- Work to complete
The reply needs the lines from the one containing "此次主题班会由各班班主任主持" through the end of the material, each repeated exactly, and no pictures.

- Provided material
"""

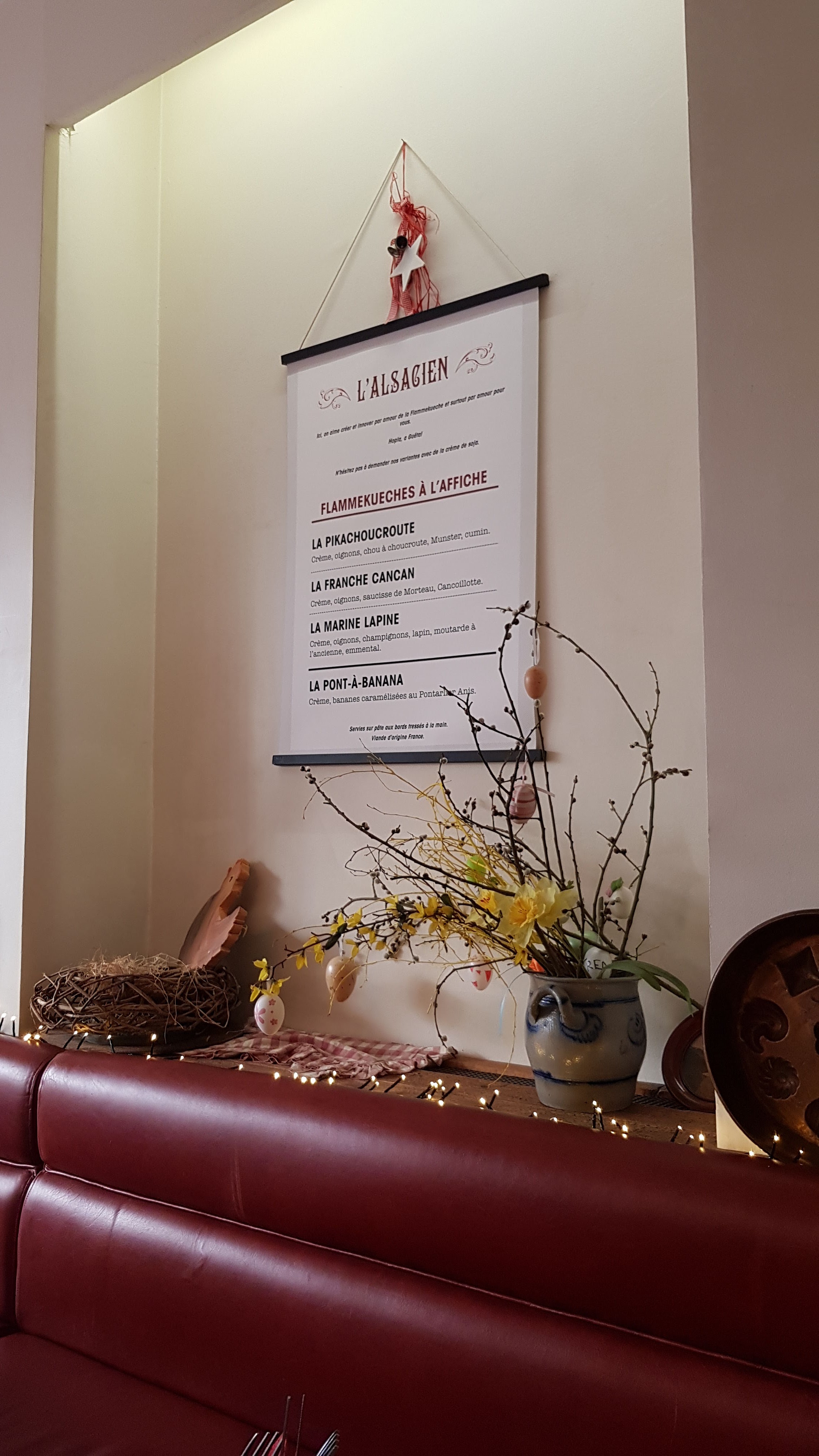 Restaurant qui sert des flammkuche dans la plus belle tradition alsacienne, le tout accompagné par une grande diversité de vins régionaux. Le cadre est propre, propice à la détente et au voyage gustatif. Le personnel est dynamique, souriant et très gentil. Une adresse à ne pas manquer, que ce soit pour manger à deux ou en petit groupe.
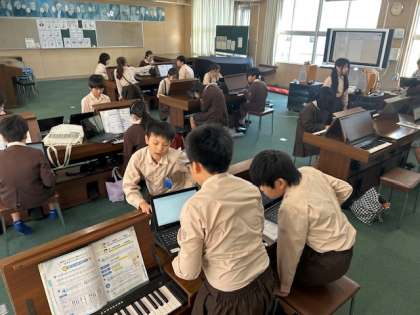 音楽「雨のうた」は和音の響きの移り変わりや音の重なりを感じながら旋律を作っています。
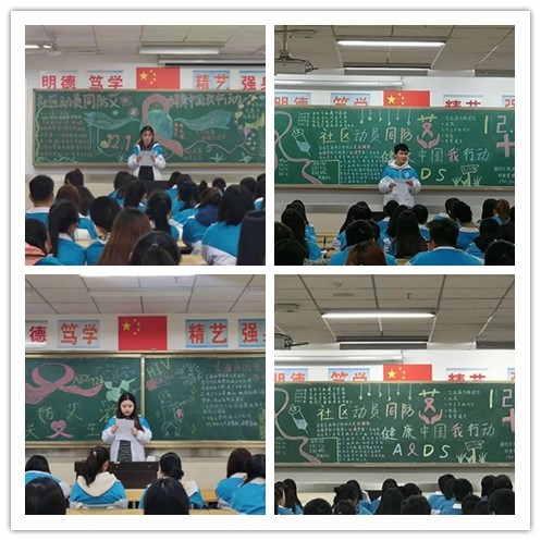 此次主题班会由各班班主任主持,主要围绕艾滋病的流行现状、传染途径、对人类的危害及预防原则等方面展开,通过观看视频、演讲、有奖问答、讨论等多种形式,同学们积极参与其中,宣传活动开展的有声有色,让同学们更加生动形象地认识到其危害性,并引导大家要正确认识艾滋病、消除恐慌和歧视心理。
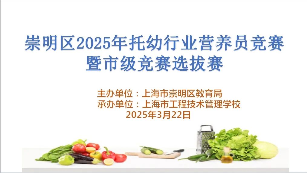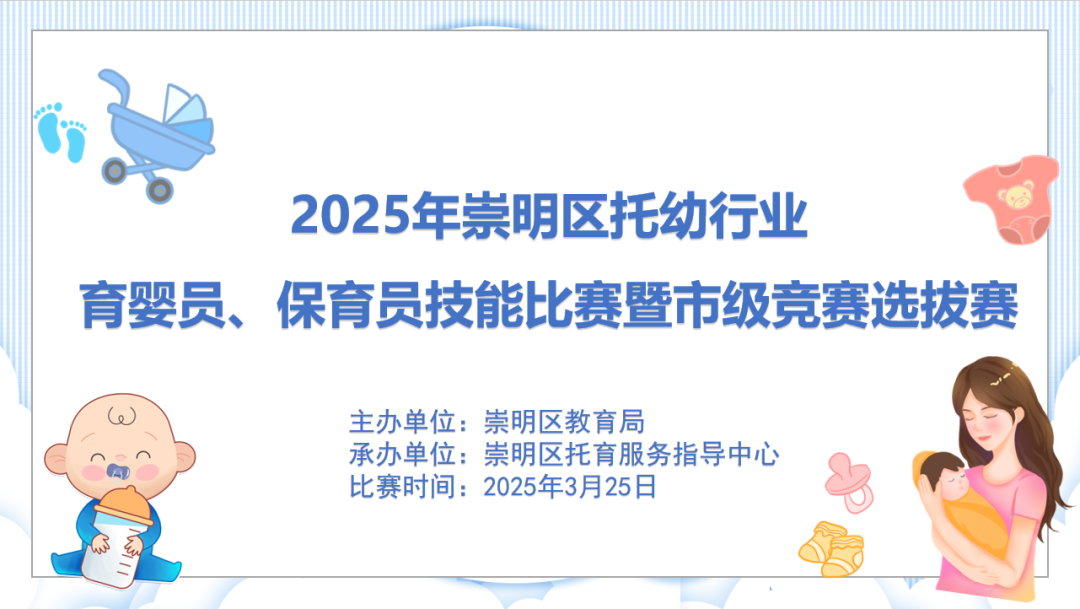 2025年3月,崇明区教育局托幼科协同区托育服务指导中心、上海市工程技术管理学校举办了2025年托幼行业职业技能大赛暨市级竞赛选拔赛。

"""

- Answer space
 此次主题班会由各班班主任主持,主要围绕艾滋病的流行现状、传染途径、对人类的危害及预防原则等方面展开,通过观看视频、演讲、有奖问答、讨论等多种形式,同学们积极参与其中,宣传活动开展的有声有色,让同学们更加生动形象地认识到其危害性,并引导大家要正确认识艾滋病、消除恐慌和歧视心理。
 2025年3月,崇明区教育局托幼科协同区托育服务指导中心、上海市工程技术管理学校举办了2025年托幼行业职业技能大赛暨市级竞赛选拔赛。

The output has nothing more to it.